The aim of our research is to understand how mitochondrial dysfunction is involved in the aging process and the generation of aging-associated diseases. We are particularly interested in the mechanisms through which mutations in the mitochondrial DNA (mtDNA), which occur in many tissues of all organisms in the normal aging process, lead to the progressive dysfunction of organs.Such mutations accumulate during the normal aging process in many tissues of all organisms.
The classic free-radical-theory of aging (namely the vicious circle of free oxygen radicals from the mitochondrial respiratory chain which cause mtDNA deletions which leads to the generation of more free radicals which raise the mutation load, etc.) has been seriously put into question, maybe even disproved, during the last years. It has been known for a long time that organs like heart, muscle, brain and liver show a mosaic in old individuals, i.e. few cells with a high load of mtDNA-deletions which cause severe mitochondrial dysfunction are embedded in normal tissue. Although it is obvious that in some cases even few damaged cells will severely impact organ function (i.e. the normal conduction of electrical impulses in the heart, the generation of force in the heart and skeletal muscle and the normal function of neuronal networks), experimental models which confirm this assumption are still pending. In other tissues, which do not depend this much on the collaboration of cells, even few cells with damaged mitochondria can cause chronic inflammation processes.

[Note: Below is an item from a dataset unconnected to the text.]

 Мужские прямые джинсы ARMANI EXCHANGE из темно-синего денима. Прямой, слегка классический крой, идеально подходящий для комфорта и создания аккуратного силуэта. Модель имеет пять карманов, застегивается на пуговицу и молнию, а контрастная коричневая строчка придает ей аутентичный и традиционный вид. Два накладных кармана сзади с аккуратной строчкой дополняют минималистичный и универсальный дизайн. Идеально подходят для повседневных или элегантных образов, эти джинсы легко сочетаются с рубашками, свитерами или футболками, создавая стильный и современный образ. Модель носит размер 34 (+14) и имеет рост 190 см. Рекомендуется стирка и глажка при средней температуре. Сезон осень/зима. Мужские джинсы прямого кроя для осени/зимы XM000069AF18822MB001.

To answer the question if such a tissue mosaic is indeed causally involved in the dysfunction of organs or chronic inflammation during aging, we generated a mouse model which allows to reach an accumulation of mtDNA-deletions and/or depletion in a tissue-specific way. We showed that even very few cardiomyocytes with disturbed mitochondrial function can cause arrhythmia in old mice (Baris et al., Cell Metab 2015; funded by CECAD and DFG Normalverfahren).

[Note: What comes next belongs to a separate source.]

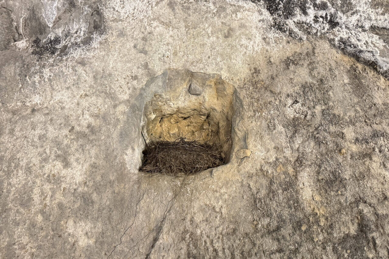 ↓有方孔被鳥兒利用,築巢成家了。

Our earlier work brought new insights into the pathophysiological consequences of mtDNA point mutations on the assembly of the respiratory chain. We showed that surprisingly mtDNA-encoded subunits truncated by stop-codons are assembled into big supramolecular complexes which however are degraded quickly by proteases of the inner membrane as a part of the mitochondrial quality control system (Hornig-Do et al., EMBO J 2012; funded by CMMC).
We identified catecholamine metabolism as the driving force behind the accumulation of mtDNA-deletions in dopaminergic neurons, which explains the extremely high mtDNA mutation load in dopaminergic regions of the human brain. This leads to cell loss and M. Parkinson as soon as a threshold of mutated mtDNA-copies is exceeded (Neuhaus et al., Brain 2014; Neuhaus et al., Neuroendocrinol 2015; funded by CMMC). Recently, we have more closely analyzed how mitochondrial dysfunction causes dopaminergic cell death (Ricke et al., J Neurosci 2020; Paß et al., Mol Neurobiol 2020).

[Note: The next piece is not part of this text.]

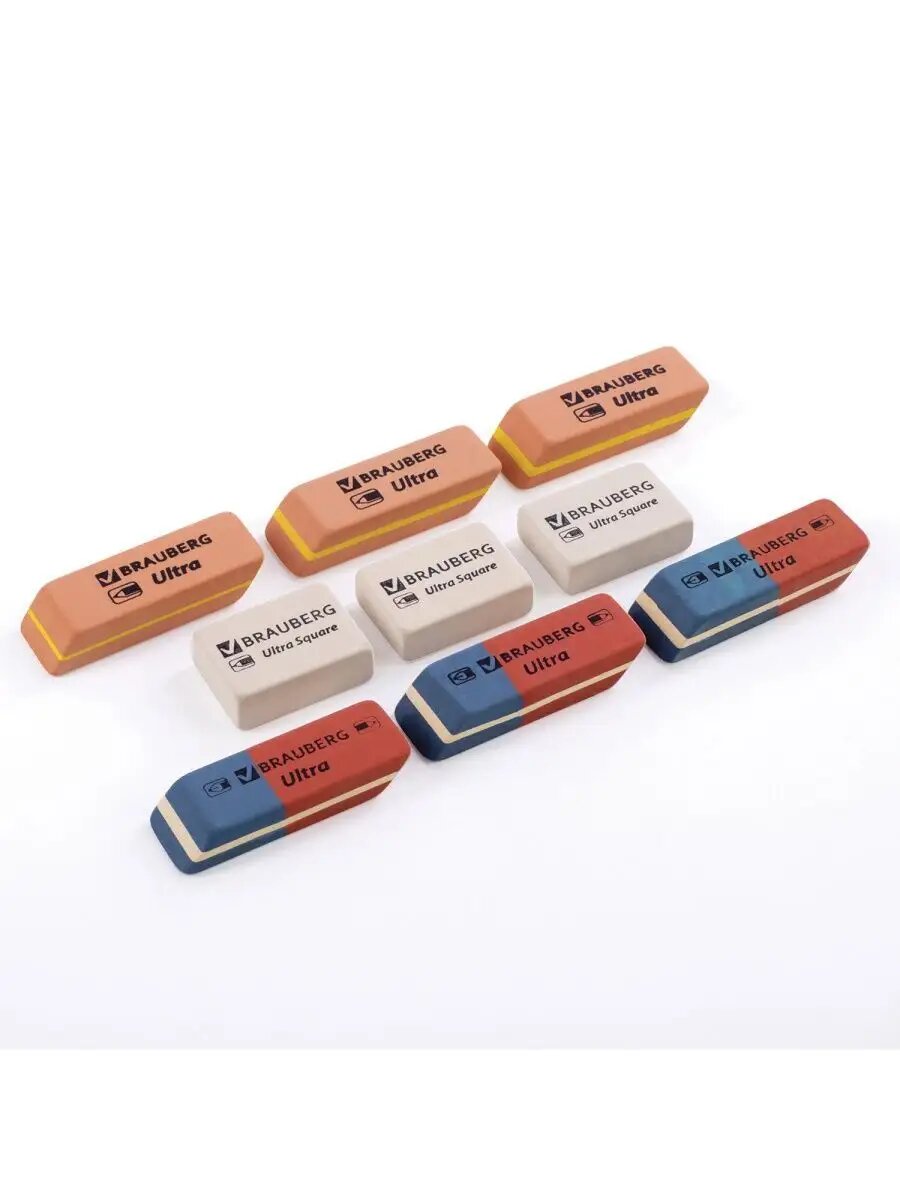 Отзывы на Ластик Brauberg "Ultra", ПВХ, прямоугольный, ластик-клячка, белый/синий, 9 штук

We demonstrated that on the other hand the complete absence of the respiratory chain allows normal differentiation of the epidermis (Baris et. al., Stem Cells 2011; funded by DFG Normalverfahren). We thus concluded that epidermal stem cells, and maybe tissue stem cells in general, are independent of mitochondrial ATP-synthesis. This is replaced by a high capacity for aerobic glycolysis, a strategy often observed in tumor cells („Warburg Effect“). In contrast, a partly assembled respiratory chain leads to a severe inflammatory phenotype of the skin (Weiland et al., J Invest Dermatol 2018; funded by SFB 829).
Moreover, we collected evidence that mitochondrial dysfunction is not causally involved in the development of insulin resistance in skeletal muscle (Franko et al., J Mol Med 2012; funded by CECAD) and liver (Franko et al., J Hepatol 2014; Franko et al., Diabetes 2016; Franko et al., Int J Mol Sci 2017; funded by CECAD), like it was postulated by many authors in this field. Though, an intact insulin signal way is needed for the correct content and function of mitochondria in both tissues. We also have shown the mechanism how metformin, the drug most often prescribed against diabetes, stimulates energy turnover and thus slows down the development of obesity and type 2 diabetes (Schommers et al., J Mol Med 2017; funded by CECAD).
Finally, our group was also part of the development of new tools for the investigation of mitochondria, since we developed a method to isolate qualitatively high mitochondria by means of magnetic beads from cells and mouse tissue together with Miltenyi Biotech GmbH in Bergisch Gladbach (Hornig-Do et al., Anal Biochem 2009; funded by CMMC (Franko et al., PLoS One 2014; funded by CECAD).